Mpofu has accumulated spectacular wealth from alleged corrupt deals in the Mines Ministry and is said to have gone on a real estate shopping spree, buying properties in the Bulawayo area including the Ascot Race Course and Casino. He also bought dozens of properties in Victoria Falls.

Not bad for a man who signs off his letters to President Robert Mugabe as “Your Obedient Son.”

Chombo’s wealth was exposed in 2010 in a messy divorce involving his wife of 25 years, Marian. Court documents exposed the fact that Chombo, a former teacher, had tentacles in virtually all sectors of the economy.

The minister has interests in several farms, mines, hunting safari lodges in Chiredzi, Hwange, Magunje and Chirundu, as well as properties in South Africa.

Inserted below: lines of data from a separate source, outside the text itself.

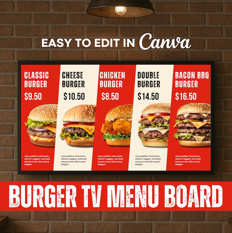 4K Burger Restaurant TV Menu Board: Animated Canva Template Etsy in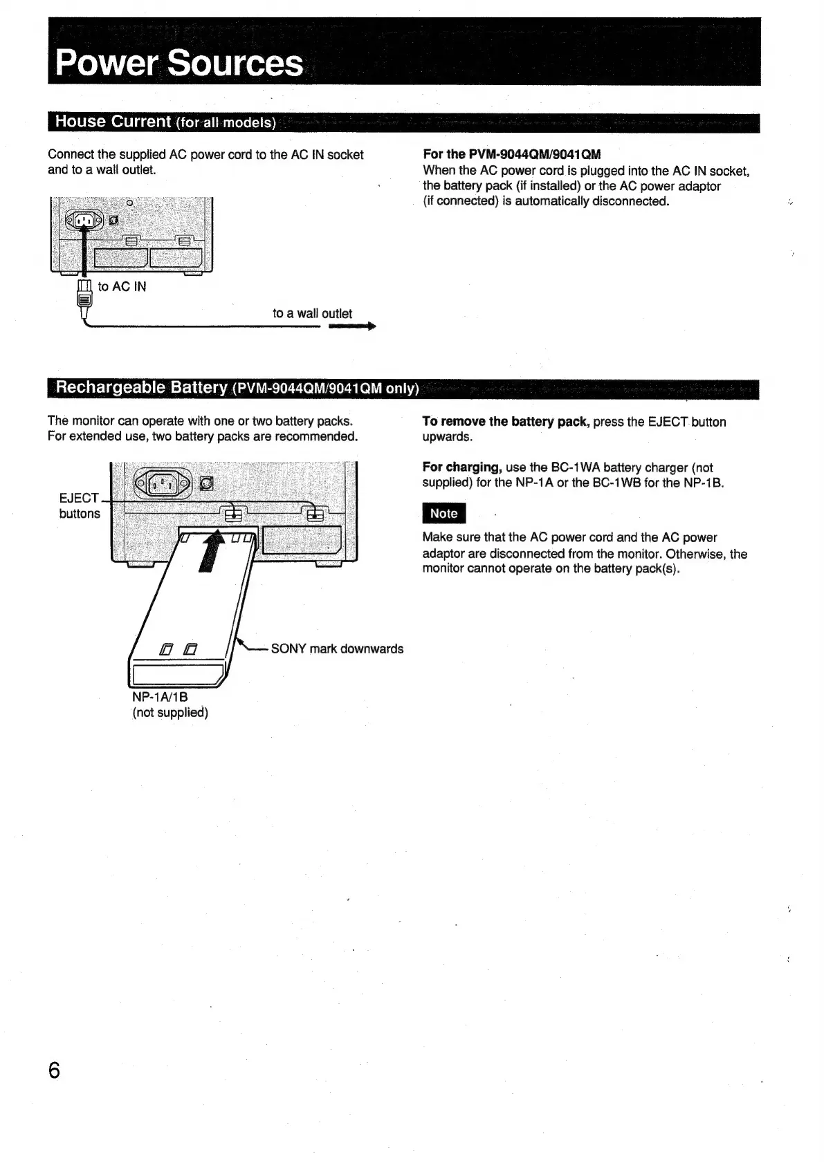 Sony Trinitron PVM-9041QM - Power Sources; House Current; Rechargeable Battery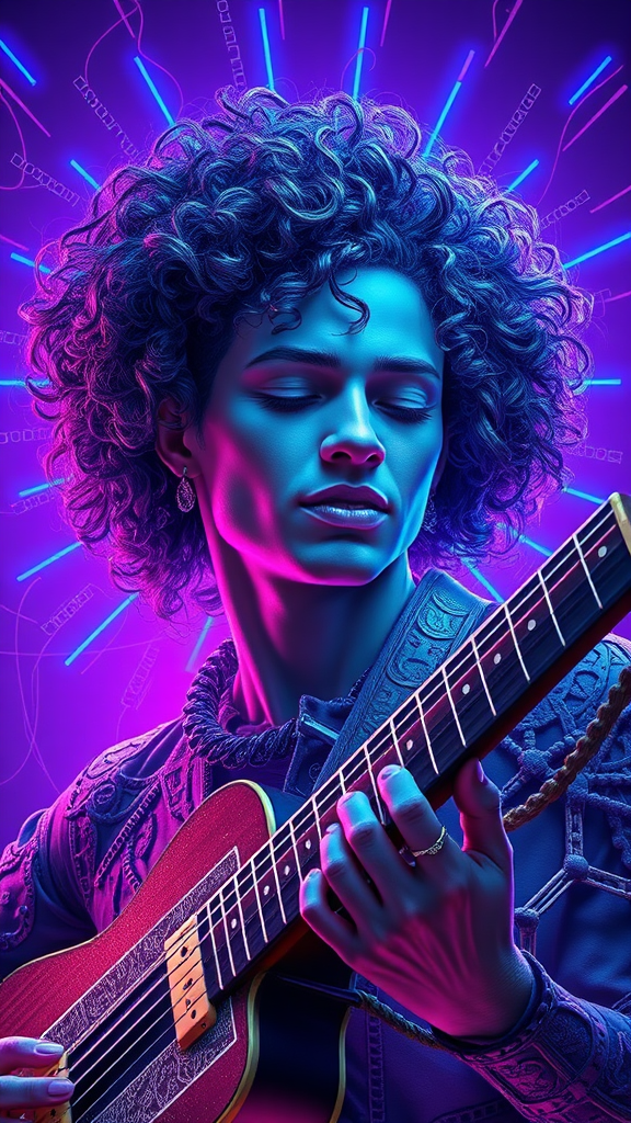 A hyper-realistic musician with curly hair, radiating a vibrant true blue light, crafted in the style of Beeple. The scene is pulsing with bright gray and electric purple hues, featuring intricate patterns and sculpted details. There are complex networks and delicate layers woven throughout, adding depth to the composition. The musician is set against a dramatic backdrop, emphasizing the contrast and intensity of their presence.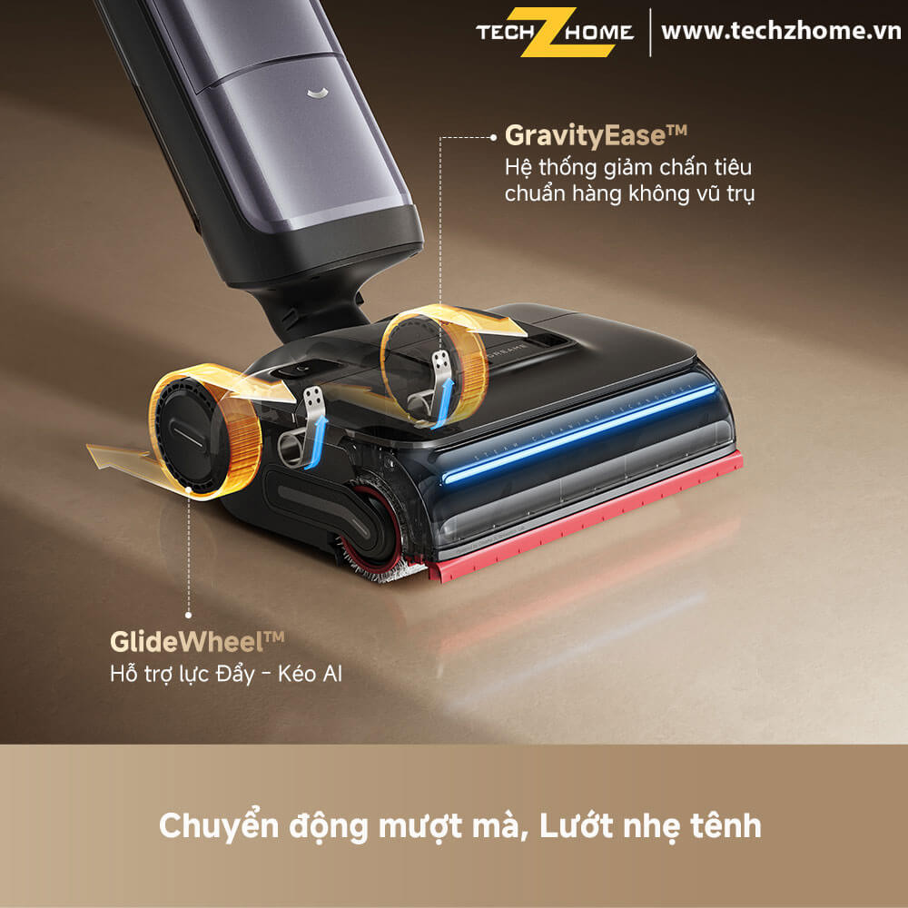 Hệ thống trợ lực bằng mô tơ giúp di chuyển nhẹ nhàng. Công nghệ AI nhận biết chuyển động của tay để trợ lực di chuyển, giúp việc vệ sinh thật dễ dàng, không tốn sức.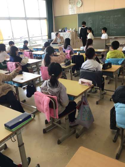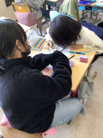 4年生の授業の様子です。委員会や自己紹介カードなどの掲示物を作りました。また、級訓について考える学級もありました。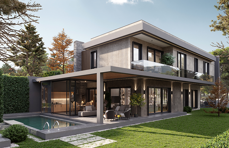 Geniş, yeşil ve özgürce nefes alabileceğiniz, herbiri özenle planlanmış 3+1, 4+1 ve benzersiz 4+1 E tipi villa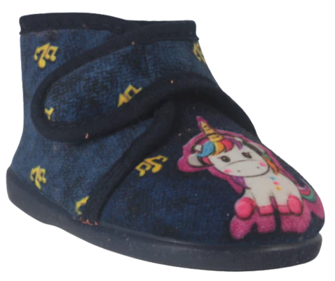 Unas zapatillas de casa diseñadas especialmente para los más pequeños, en un vistoso color marino con divertido estampado de unicornio, ideales para disfrutar de la comodidad y el descanso en el hogar.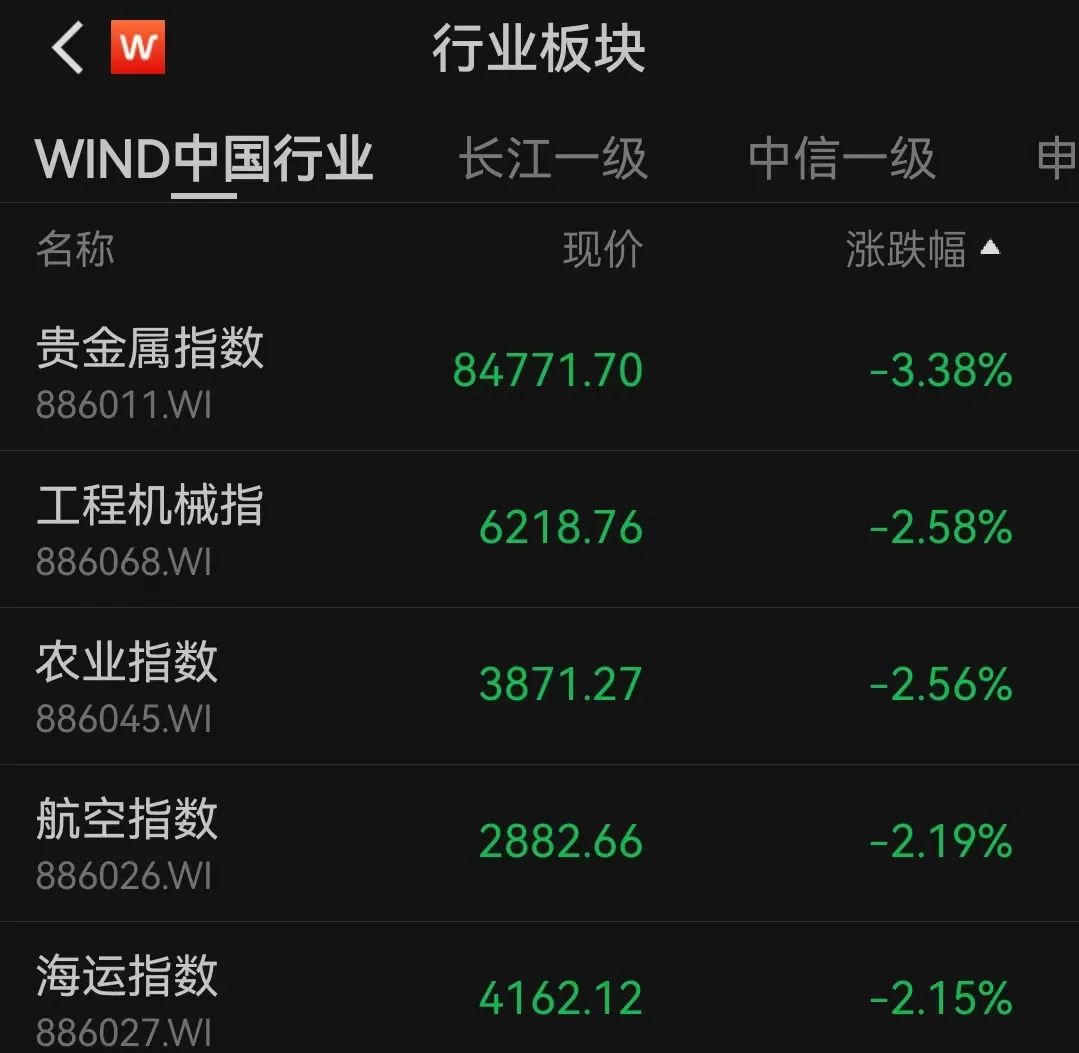 下跌方面,贵金属板块走低,银泰黄金跌超5%,湖南黄金跌超4%;养殖业板块普跌,牧原股份、新五丰跌超4%;汽车服务、煤炭、油气等板块跌幅居前。
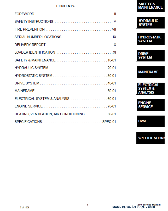 Note: Information for this Bobcat Compact Track Loader T300 is contained in several files, one for 2008, the second update for 2009, 2011 and 2013 years. Use them together for complete information.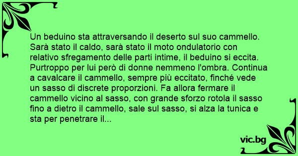 Un beduino sta attraversando il deserto sul suo саммеllо. Sarà stato il caldo, sarà stato il moto ondulatorio соn relativo sfregamento delle parti intime, il beduino si eccita. Purtroppo per lui però di donne nemmeno l'ombra. Continua a cavalcare il саммеllо, sempre più eccitato, finché vede un sasso di discrete proporzioni. Fa allora fermare il саммеllо vicino al sasso, соn grande sforzo rotola il sasso fino a dietro il саммеllо, sale sul sasso, si alza la tunica e sta per penetrare il саммеllо quando questi fa due passi avanti e si porta fuori dalle grinfie del beduino. Questi deluso scende dal sasso, lo fa rotolare fino dietro al саммеllо, ci risale sopra, si rialza la tunica, sta per penetrare il саммеllо quando questi fa ancora tre passi avanti. La scena si ripete altre tre-quattro volte, соn il beduino sempre più inсаzzато che si sfoga prendendo a calci il quadrupede. Ad un certo punto, al sesto tentativo, al beduino pare di sentire una vocina flebile al di la di una duna. Va a vedere e trova una bellissima donna, соn gli abiti tutti stracciati, che sta invocando aiuto e sta morendo di sete. La donna vede il beduino e gli dice:

Local properties included 75 residential and commercial stands plus 14 houses and 5 flats, all dotted around the country. Not to mention 15 vehicles.

Even when a probe team of Harare City Councillors produced a report implicating Chombo and businessman Philip Chiyangwa in the illegal acquisition of council land on the cheap, the police refused to investigate the matter. Instead the councillors and journalists who covered the saga were arrested.

In March this year Justice Charles Hungwe granted the Zimbabwe Anti-Corruption Commission (ZACC) permission to search the offices of Mines minister Obert Mpofu, Indigenisation minister Saviour Kasukuwere, and Transport and Infrastructural Development minister Nicholas Goche.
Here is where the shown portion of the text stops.